* What to do:
Print exactly, and only, the lines from the one containing "Nepal is moving" through the last line of the records below, both included; leave out the pictures.

╭─ Available data

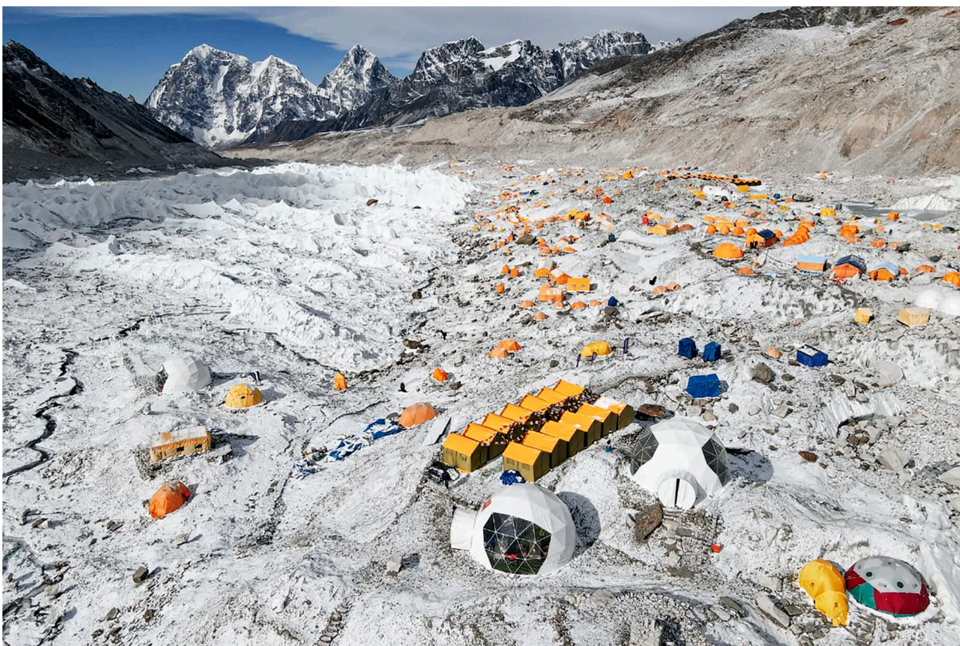
Everest base camp.

Nepal is moving the Everest base camp off of the melting Khumbu glacier, the BBC reported .
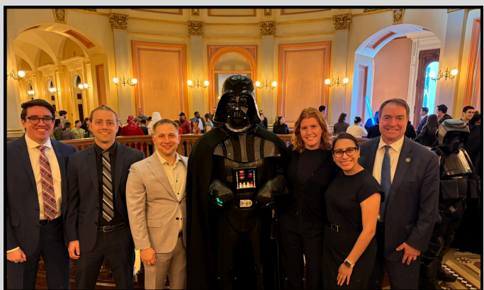
STAR WARS DAY AT THE CAPITOL
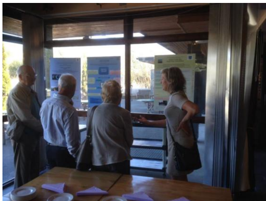
Figure 2.7: Members of the County Wexford Age Equality Network attending the feedback event in Wexford
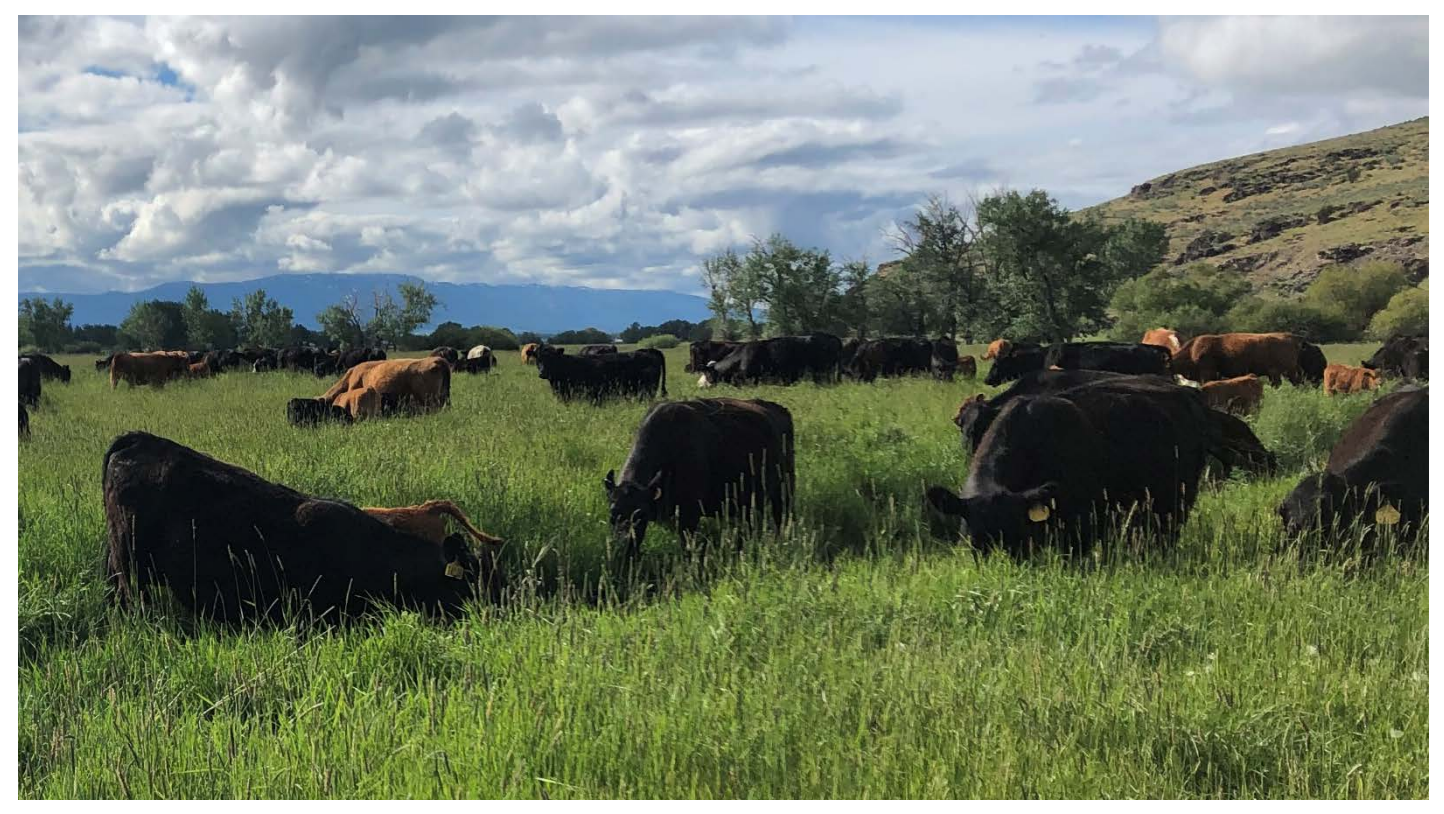
Buffalo Flats Planning Area

The USWCD and project partners are currently gathering information on the project site to determine the existing project opportunities and constraints. This has included communication with neighboring property owners and land managers to identify and understand the conditions. Project coordination, engineering designs, and environmental compliance will be the focus of work through at least 2021 as engineers and scientists with the BOR and other partner agencies assist the USWCD.

╰─

* Exercise response:
Nepal is moving the Everest base camp off of the melting Khumbu glacier, the BBC reported .
STAR WARS DAY AT THE CAPITOL
Figure 2.7: Members of the County Wexford Age Equality Network attending the feedback event in Wexford
Buffalo Flats Planning Area

The USWCD and project partners are currently gathering information on the project site to determine the existing project opportunities and constraints. This has included communication with neighboring property owners and land managers to identify and understand the conditions. Project coordination, engineering designs, and environmental compliance will be the focus of work through at least 2021 as engineers and scientists with the BOR and other partner agencies assist the USWCD.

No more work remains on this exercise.